San Juan Bautista loses its dedicated deputy

The staffing strain is already reshaping life in at least one small city. The sheriff’s office has pulled the deputy who had been dedicated to San Juan Bautista and folded the town into the broader countywide patrol rotation instead of keeping a one-off assignment there, local television coverage shows. Sheriff Eric Taylor told reporters that vacancies forced leaders to bring those deputies back into general patrol, calling the move a difficult operational decision. Residents in San Juan Bautista have openly questioned what the change will mean for response times and day-to-day presence in the community, according to KSBW.

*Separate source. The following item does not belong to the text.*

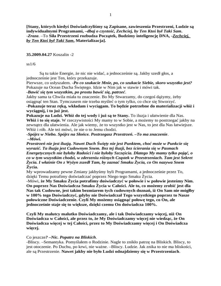 1 [Stany, których kiedyś Doświadczyliśmy są Zapisane, zawieszenia Przestrzeni, Ludzie są indywidualnymi Programami, –dbaj o czystość, Zechciej, by Ten Ktoś był Taki Sam. -Zraza. –To Siła Przestrzeni rozbudza Początek, Budzimy inteligencję DNA, -Zechciej, by Ten Ktoś był Taki Sam, Materializacja]. 35.2009.04.27 Koszalin -2 ss1/6 Są tu takie Energie, że nic nie widać, a jednocześnie są. Jakby szedł głos, a jednocześnie jest Ten, który przekazuje. Pierwsze, co usłyszałem. -Po co szukacie Mnie, po, co szukacie Siebie, skoro wszystko jest? Pokazuje na Ocean Ducha Świętego. Idzie w Nim jak w stawie i mówi tak. -Bawić się tym wszystkim, po prostu bawić się, patrzeć. Jakby sama ta Chwila miała tu znaczenie. Bo My Stwarzamy, do czegoś dążymy, żeby osiągnąć ten Stan. Tymczasem nie trzeba myśleć o tym tylko, co chce się Stworzyć. -Pokazuje teraz ręką, wkładam i wyciągam. To będzie potrzebne do materializacji włóż i wyciągnij, i to już jest. Pokazuje na Ludzi. Włóż do tej wody i już są te Stany. To iluzja i ułatwienie dla Nas. Włóż i to się staje. W rzeczywistości My mamy to w Sobie, a możemy to postrzegać jakby na zewnątrz dla ułatwienia. Ale jak wiemy, że to wszystko jest w Nas, to jest dla Nas łatwiejsze. Włóż i rób. Ale też mówi, że nie o to Jemu chodzi. -Spójrz w Niebo. Spójrz na Słońce. Postrzegasz Przestrzeń. –To ma znaczenie. –Mówi. Przestrzeń nie jest iluzją. Nawet Duch Święty nie jest Punktem, choć może w Punkcie się wyrazić. Ta iluzja jest Cudownym Snem. Bez tej iluzji, bez ścierania się w Pasmach Energetycznych nie byłoby Radości i nie byłoby Szczęścia. Dlatego My mamy tylko pojąć, o co w tym wszystkim chodzi, w zderzeniu różnych Cząstek w Przestrzeniach. Tam jest Sekret Życia. I właśnie On z Wyżyn zszedł Tam, by zaznać Smaku Życia, co On nazywa Snem Życia. My wprowadzamy pewne Zmiany jakbyśmy byli Programami, a jednocześnie przez To, dzięki Temu potrafimy doświadczać poprzez Niego tego Smaku Życia. -Mówi, że My Smaku Życia potrafimy doświadczyć w połowie i w połowie jesteśmy Nim. On poprzez Nas Doświadcza Smaku Życia w Całości. Ale to, co możemy zrobić jest dla Nas tak Cudowne, jest takim bezmiarem tych cudownych doznań, iż On Sam nie mógłby w 100% tego Doświadczyć, gdyby nie Doświadczał Tego wszystkiego poprzez to Nasze połowiczne Doświadczenie. Czyli My możemy osiągnąć połowę tego, co On, ale jednocześnie staje się to większe, dzięki czemu On doświadcza 100%. Czyli My malutcy malutko Doświadczamy, ale i tak Doświadczamy więcej, niż On Doświadcza w Całości, ale przez to, że My Doświadczamy więcej nie wiedząc, że On Doświadcza więcej w tej Całości, przez to My Doświadczamy więcej i On Doświadcza więcej. Co jeszcze? –Nic. Popatrz na Bliskich. -Bliscy. –Semantyka. Pomyślałem o Rodzinie. Nagle to znikło patrzę na Bliskich. Bliscy, to jest otoczenie. Po Duchu, po krwi, nie ważne. –Bliscy. Ludzie. Jak znika to nie ma bliskości, ale są Przestrzenie. Nawet jakby nie było Ludzi odnajdziemy się w Przestrzeniach. 2 Zwraca uwagę na Dom. On też Istnieje. To są Planety, Siły Przyrody i jakieś inne Istnienia. My doskonalimy się, bo każdy Człowiek jest jakimś Programem. Poprzez wymianę pewnych Energii między tymi Programami można zapanować nad drugim Programem, można wykasować pewne Działania Energetyczne. To jest możliwe przez odnalezienie samego Programu. My Programów w całości nie widzimy, dlatego, że są zabrudzone przez inne programy. Natomiast sam Program jest czysty i można tę Jego Naturę poznać i zmienić jego interakcję z otoczeniem. -Mówi, że trzeba popatrzeć na ten cały Świat. Tu są też Przestrzenie i cudowne… -mówi o jakiejś symultanie. Ale nie rozumiem. Podsunął mi jakieś obrazy, ale nie zrozumiałem. Chwycił mi głowę i teraz patrzę na coś. Na zachód Słońca. -Czego doznajesz? –Feerii barw. –Dobrze. Ale pokazuje, że z tego Słońca, skąd płyną pewne doznania, pewne Energie, pewne zapisy. -Pogania mnie. -Dalej, dalej, dalej. -Pewne zawieszenia. -Zawieszenia! Innymi słowy, kiedy się ścieramy z Programami, czy z Przestrzeniami, to są Zapisy pewnych Stanów. Nie trzeba czegoś na okrętkę czegoś robić, by te Stany odtworzyć i wtedy jest Człowiek w Radości. -Mówi; -w Radości Przestrzeni. -Pokazuje na Nas. W Nas jest Przestrzeń. Czyli te wszystkie Stany, których kiedyś Doświadczyliśmy są Zapisane. Teraz rozumiem. Mówią o namiętności, przyjaźni, miłości Tu, żeby było Spełnienie. Bo możemy odtworzyć Stan idealny. Ten, który był. To samo z przywracaniem systemu. Paradygmat czystości. Możemy przywrócić to, co było, czyli musimy osiągnąć raz coś na maximum, żeby zawsze móc tego Doświadczyć. -Mówi tak. –Wyczyść Program, wyczyść Przestrzeń, odtwórz Stan i to się Stanie. Czyli np. doświadczam przyjaźni, miłości, namiętności z Kimś. Zapisuję ten Stan. -Przenoszę się do Kogoś Innego. Wyczyszczam Kogoś Innego. Odtwarzam ten Stan. I jest to samo. -Mówi tak. –Patrzysz na zachód Słońca. Jesteś na dachu wieżowca. Zapisujesz Stan. Idziesz do domu i odtwarzasz ten Stan. I choć Słońca nie ma doznajesz tej samej rozkoszy. Tej samej rozkoszy można doznać z drugim Człowiekiem. -Wejdź raz w coś. Najlepiej w Czystość samego Siebie. Bo tam jest Duch Święty, bo tam jestem Ja. Bo tam jest to coś, co dzisiaj już poznaliśmy. -Przy odtworzeniu tej Czystości w Nas jest Zapis Doskonałości i ten Zapis możemy odtworzyć w Drugim Człowieku. Wystarczy Go tylko wyczyścić. Dlatego musimy być czyści jak Jezus, wtedy dotykając Kogoś odtwarzamy samych Siebie w Nim. W tej pewnej indywidualnej inności. Na logikę. Skoro wszystko jest w Nas, jak dotykam i jak chcę, to mogę Go doprowadzić do takiego samego Poziomu we wszystkim. Kiedyś pokazywałem w jaki sposób w kimś rozbudzić uczu
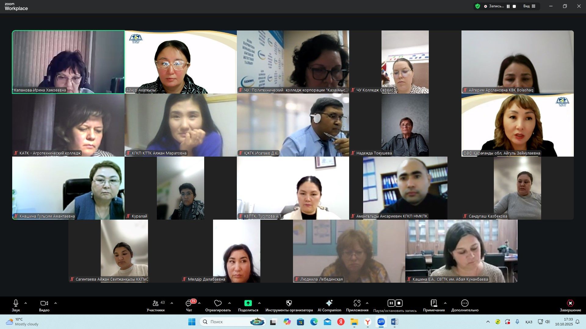 10 октября 2025 года Учебно-методическим центром развития образования Карагандинской области был проведен вебинар по обобщению и трансляции передового педагогического опыта в рамках работы областного методического объединения методистов организаций технического и профессионального, послесреднего образования.

Union reaction and the pay gap

The San Benito County Deputy Sheriffs Association is treating Kosmicki’s idea as a welcome but partial fix. The union has called the proposed incentives a step toward addressing the staffing crunch while pressing for more permanent pay changes. DSA President Sgt. Kaleb Simpson told SanBenito.com that deputies are being drawn away by neighboring agencies offering 30 to 40% higher compensation in exchange for only a 30 to 45-minute commute. Union leaders say short-term bonuses might help slow departures, but long-term stability will depend on how competitive base pay and benefits look compared with surrounding departments.

Budget math and what comes next

The county’s own budget sheets underscore how tight things have gotten. In the FY 2025–26 documents, the authorized Sheriff - Operations headcount drops from about 40.5 full-time equivalent positions in 2024–25 to roughly 36.5 FTE in the 2025–26 request, with corrections roles showing similar reductions, according to the San Benito County FY 2025–26 budget. The Board is set to weigh Kosmicki’s incentive plan as part of final budget actions later this month, and KSBW reports that supervisors have already lined up related discussions tied to the budget cycle. If approved, the bonuses would serve as temporary stopgaps while county officials and labor leaders work through negotiations on longer-term pay and staffing solutions.